Mais le flanc ouest n'a pas tenu.

Lorsque nous arrivons, nous ne voyons que flammes et cendres, sur lesquelles nos derniers compagnons défendent leurs derniers instants de vie contre les démons triomphants. Le flanc ouest n'a pas tenu. Débordés, les nôtres ont lâché prise et les démons ont pu enfoncer nos rangs, pénétrer dans le camp et en prendre le contrôle. La tente du capitaine est en flammes, comme beaucoup d'autres. Une fumée noirâtre s'élève dans le ciel, en même temps que les cris d'agonie des derniers défenseurs, et les rires des engeances démoniaques qui leur répondent. Elles sont innombrables, grandes, et puissantes. Nous ne sommes plus qu'une poignée, éreintés, et pris entre deux feux. J'ai envie de pleurer. De tomber à genoux, et de pleurer toutes les larmes de mon corps.

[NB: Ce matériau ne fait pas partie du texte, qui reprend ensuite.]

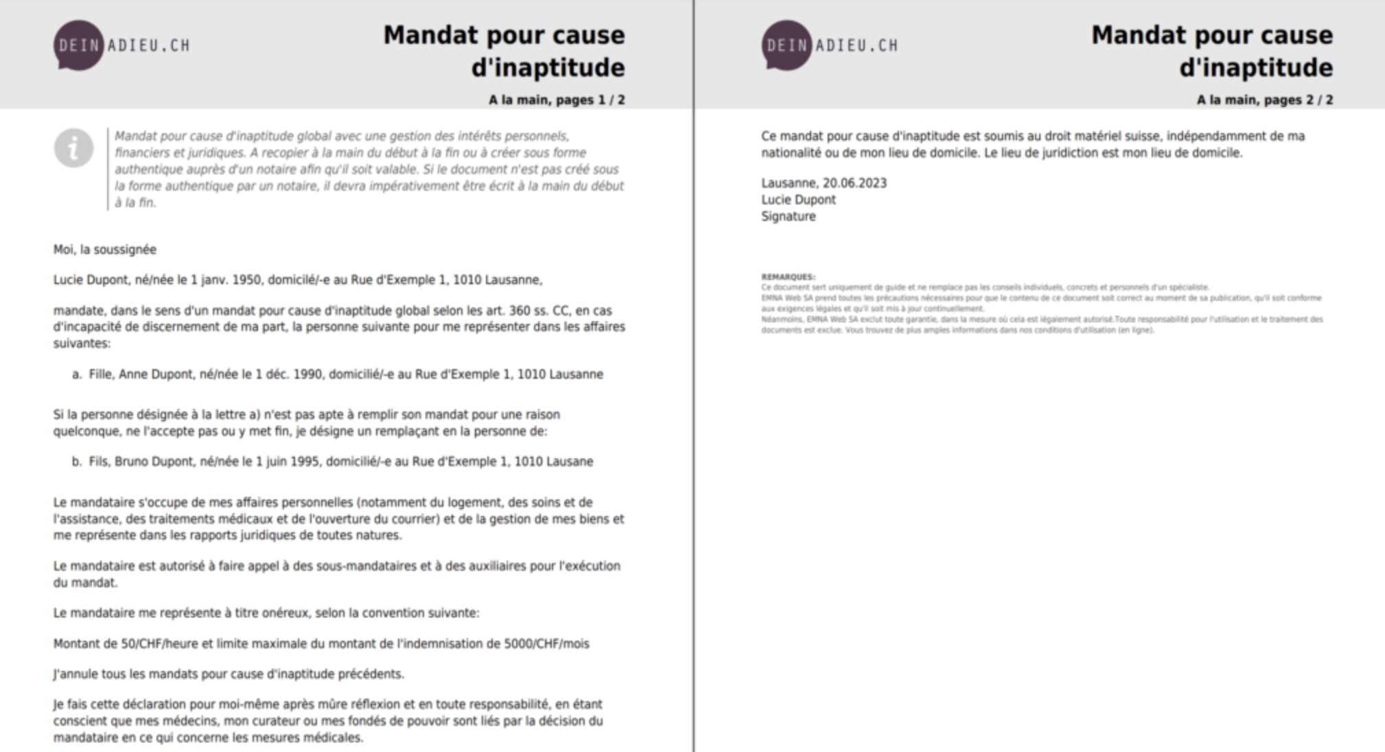 Toute personne souhaitant s’assurer une prise en charge et une représentation fiables pour le cas où elle deviendrait incapable de discernement devrait rédiger un mandat pour cause d’inaptitude. Dans cet article, nous vous montrons comment rédiger facilement votre mandat pour cause d’inaptitude sur DeinAdieu.
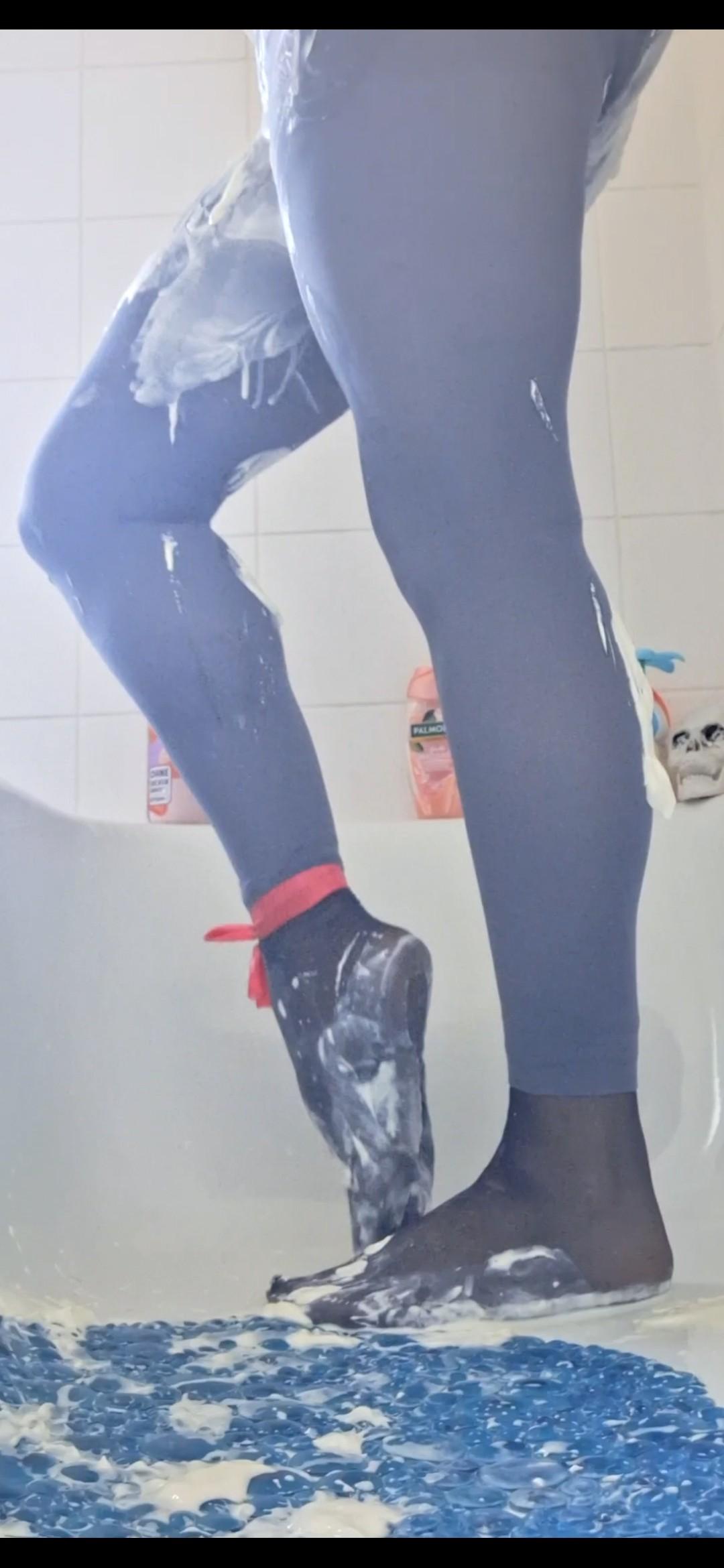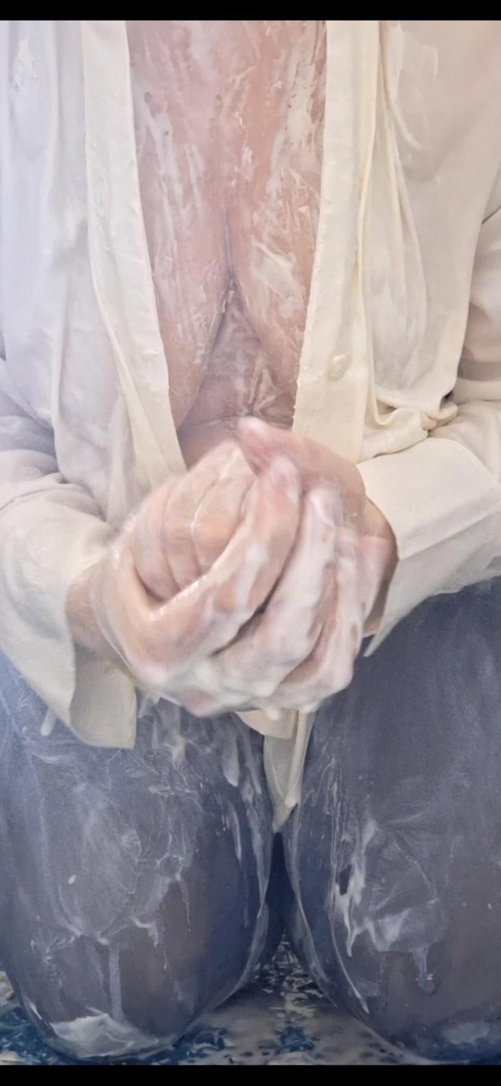 SITTING IN THE BATHTUB & SQUEESHING MY YOGHURT BOOBS IN WHITE SATIN BLOUSE
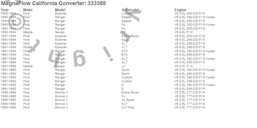 Below is an abreviated list of applications for the Direct Fit California Catalytic Converter.
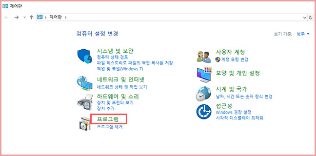KB4524244 업데이트 설치 여부를 확인하기 위해서는 먼저 제어판을 열어서 컴퓨터 설정 변경에 있는 프로그램에 들어갑니다.
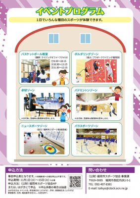 子どもが、いろいろなスポーツを体験できる「スポーツ体験ランド2022 in 博多区」が12月11日(日)9時半~12時半に開催されます🏀

Il n'y a plus de repos nulle part. Il n'y a plus rien hormis la mort pour nous, pour nous tous. J'entends une voix tremblante me héler dans mon dos.

« - S... Sergent ?
- …
- Sergent ?!
- … Fuyez. On ne peut rien tenir ici. C'est fini. Fuyez tous. FUYEZ ! »

Ce sont mes derniers mots en tant que chef improvisé en ces lieux maudits. Sitôt dits, je prends mes jambes à mon cou. Nous faisons tous pareil. Je ne me souviens pas avoir déjà autant ignoré la fatigue et la douleur. En revanche, je me souviens des flèches qui sifflaient, des démons qui hurlaient, des explosions des boules de feu, des hurlements de ceux qui se faisaient rattraper. Je me souviens de la main glacée de la mort qui tenta, à maintes reprises, de se refermer sur ma nuque alors que je courais. Et, chaque fois, je me mis à courir plus vite.